De los productos que analizó Facua, la subida más extrema se ha producido en los Cheetos Gustosines, que se han encarecido en nada menos que un 44,8 % por kilo en los últimos tres años. Así, han pasado de venderse en formato de 96 gramos en enero de 2022 a uno de 75 gramos en mayo de 2025. La bolsa contiene 21 gramos menos que antes, mientras que su precio se ha incrementado en 19 céntimos (de 1,45 a 1,64 euros).

PepsiCo ha aplicado dos modificaciones de envase en los últimos tres años al pack económico de las patatas Ruffles sabor a jamón. En enero de 2022, este producto contenía 295 gramos y se vendía en Carrefour a 2,89 euros. En enero de 2023 pasó a contener 275 gramos, subiendo su precio hasta los 3,35 euros. Actualmente, el pack económico de esta marca es de 243 gramos, y se vende al precio de 2,99 euros.

De este modo, el formato de 2025 contiene 52 gramos menos que el de 2022, mientras que su precio es 10 céntimos mayor. Si se compara el precio por kilo, en encarecimiento de este producto en este periodo ha sido del 11 %.

Otro conocido producto al que este fabricante también ha aplicado reduflación en los últimos meses es el pack económico de Doritos Tex-Mex. El formato que se vendía anteriormente contenía 260 gramos, y su precio era de 2,89 euros. El envase que se encuentra actualmente en los puntos de venta es de 225 gramos (35 gramos menos) y cuesta 2,99 euros (10 céntimos más que antes).

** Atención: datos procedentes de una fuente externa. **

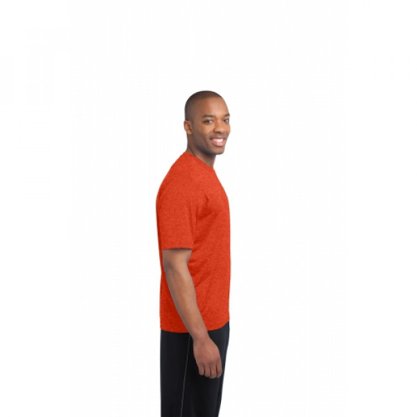 Ultra breathability meets an excellent snag-resistant, heathered appearance at an equally great value.::3.8-ounce, 100% polyester jersey::Removable tag for comfort and relabeling::Set-in sleeves
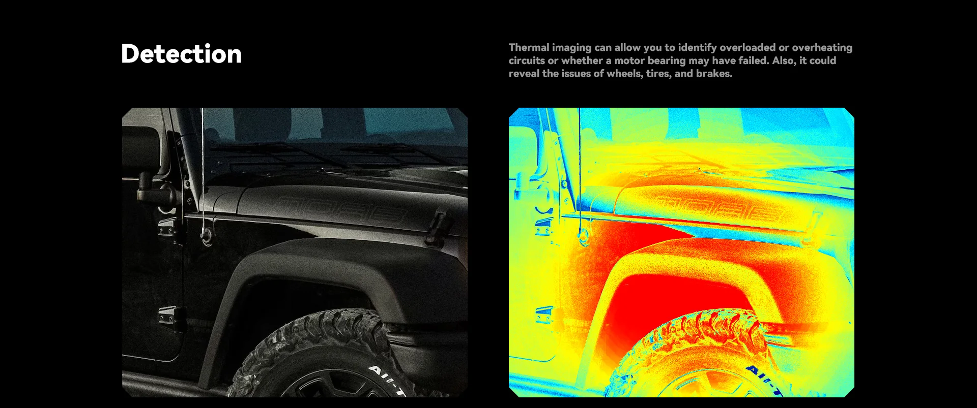 Thermal imaging can allow you to identify overloaded or overheating circuits or whether a motor bearing may have failed. Also, it could reveal the issues of wheels, tires, and brakes.

En este caso, la subida por kilo entre enero de 2022 y mayo de 2025 ha sido del 19,5 %.

Gobierno, va a poner coto

A través de la futura Ley de Consumo Sostenible, el Gobierno modificará el artículo 20 del texto refundido de la Ley General para la Defensa de los Consumidores y Usuarios. El objetivo es obligar a las empresas a informar de forma «clara y comprensible» cuando se reduzca la cantidad o el número de unidades de un producto sin que ello suponga una bajada en el precio.

Consumo advierte de que esta práctica «debilita el principio de información veraz y clara, y puede inducir a error a las personas consumidoras, haciéndoles creer que están adquiriendo la misma cantidad de producto que antes, por el mismo precio».

Por este motivo, buscan regular la información que las empresas deben proporcionar en estos casos, garantizando una mayor transparencia en el etiquetado y presentación de los productos.

En concreto, esta obligación se considerará cumplida cuando, en el punto de venta final, se indique de forma «legible y visible» la reducción en la cantidad envasada o en el número de unidades del paquete, así como el aumento de precio derivado de dicha modificación.

De la misma manera, la información deberá mantenerse «durante un plazo no inferior a 90 días desde la primera comercialización» del producto con sus nuevas características.